Material provided:
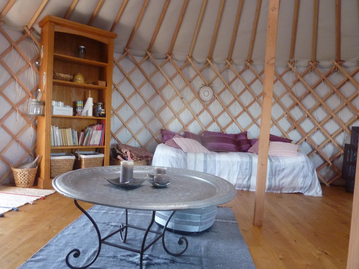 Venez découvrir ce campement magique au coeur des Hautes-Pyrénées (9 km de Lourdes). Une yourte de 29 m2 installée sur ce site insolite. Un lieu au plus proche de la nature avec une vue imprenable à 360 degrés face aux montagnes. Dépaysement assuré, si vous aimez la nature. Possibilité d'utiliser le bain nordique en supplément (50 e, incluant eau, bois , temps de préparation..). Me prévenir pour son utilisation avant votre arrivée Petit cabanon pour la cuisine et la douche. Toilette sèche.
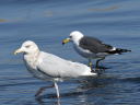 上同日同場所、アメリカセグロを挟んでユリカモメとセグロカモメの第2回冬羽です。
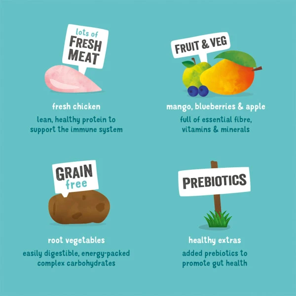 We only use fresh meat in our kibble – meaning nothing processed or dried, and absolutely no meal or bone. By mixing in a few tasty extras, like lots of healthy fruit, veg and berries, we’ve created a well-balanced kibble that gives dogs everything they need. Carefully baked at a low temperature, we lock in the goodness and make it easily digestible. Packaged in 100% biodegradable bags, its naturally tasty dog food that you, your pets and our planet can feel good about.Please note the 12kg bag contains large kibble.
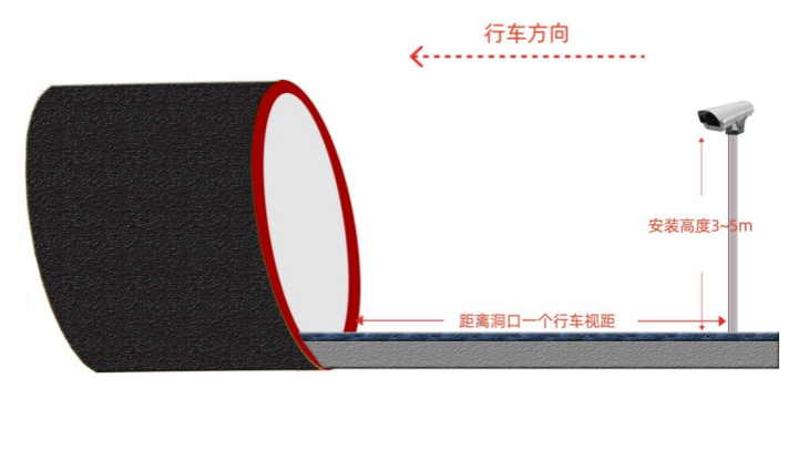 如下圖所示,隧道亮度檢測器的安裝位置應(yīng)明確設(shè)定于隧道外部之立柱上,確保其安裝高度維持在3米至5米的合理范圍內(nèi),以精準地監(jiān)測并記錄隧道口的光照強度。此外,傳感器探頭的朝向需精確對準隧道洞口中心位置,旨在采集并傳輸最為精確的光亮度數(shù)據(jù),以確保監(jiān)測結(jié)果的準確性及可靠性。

---

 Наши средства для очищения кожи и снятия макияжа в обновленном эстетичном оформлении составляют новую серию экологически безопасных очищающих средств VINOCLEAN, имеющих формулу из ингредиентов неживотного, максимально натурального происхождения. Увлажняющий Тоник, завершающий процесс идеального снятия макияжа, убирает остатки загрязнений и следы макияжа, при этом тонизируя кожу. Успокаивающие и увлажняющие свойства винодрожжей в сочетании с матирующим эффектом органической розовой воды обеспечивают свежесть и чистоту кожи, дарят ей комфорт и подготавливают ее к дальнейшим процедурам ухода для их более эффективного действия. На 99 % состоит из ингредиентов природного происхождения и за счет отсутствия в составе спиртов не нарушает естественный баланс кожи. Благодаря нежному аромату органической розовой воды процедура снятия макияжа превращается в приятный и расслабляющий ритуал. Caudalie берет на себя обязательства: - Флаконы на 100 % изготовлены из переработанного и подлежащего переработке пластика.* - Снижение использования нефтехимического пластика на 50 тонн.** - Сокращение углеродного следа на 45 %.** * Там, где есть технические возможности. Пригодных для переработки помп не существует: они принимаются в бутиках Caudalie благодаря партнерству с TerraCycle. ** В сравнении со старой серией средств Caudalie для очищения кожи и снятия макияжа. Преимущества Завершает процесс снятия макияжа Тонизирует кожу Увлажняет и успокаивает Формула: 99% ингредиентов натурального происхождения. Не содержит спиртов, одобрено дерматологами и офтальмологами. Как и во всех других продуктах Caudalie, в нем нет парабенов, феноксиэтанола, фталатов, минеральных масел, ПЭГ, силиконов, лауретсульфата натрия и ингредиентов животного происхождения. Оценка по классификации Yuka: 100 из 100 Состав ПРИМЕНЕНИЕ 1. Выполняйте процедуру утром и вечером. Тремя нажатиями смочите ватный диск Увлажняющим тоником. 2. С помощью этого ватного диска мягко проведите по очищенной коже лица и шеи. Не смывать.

Exercise prompt: What are the lines in the records above, word for word, from the one containing "上同日同場所、アメリカセグロを挟んでユリカモメとセグロカモメの第2回冬羽です。" through the one containing "如下圖所示,隧道亮度檢測器的", both ends included and pictures left out?

Solution for this task:
 上同日同場所、アメリカセグロを挟んでユリカモメとセグロカモメの第2回冬羽です。
 We only use fresh meat in our kibble – meaning nothing processed or dried, and absolutely no meal or bone. By mixing in a few tasty extras, like lots of healthy fruit, veg and berries, we’ve created a well-balanced kibble that gives dogs everything they need. Carefully baked at a low temperature, we lock in the goodness and make it easily digestible. Packaged in 100% biodegradable bags, its naturally tasty dog food that you, your pets and our planet can feel good about.Please note the 12kg bag contains large kibble.
 如下圖所示,隧道亮度檢測器的安裝位置應(yīng)明確設(shè)定于隧道外部之立柱上,確保其安裝高度維持在3米至5米的合理范圍內(nèi),以精準地監(jiān)測并記錄隧道口的光照強度。此外,傳感器探頭的朝向需精確對準隧道洞口中心位置,旨在采集并傳輸最為精確的光亮度數(shù)據(jù),以確保監(jiān)測結(jié)果的準確性及可靠性。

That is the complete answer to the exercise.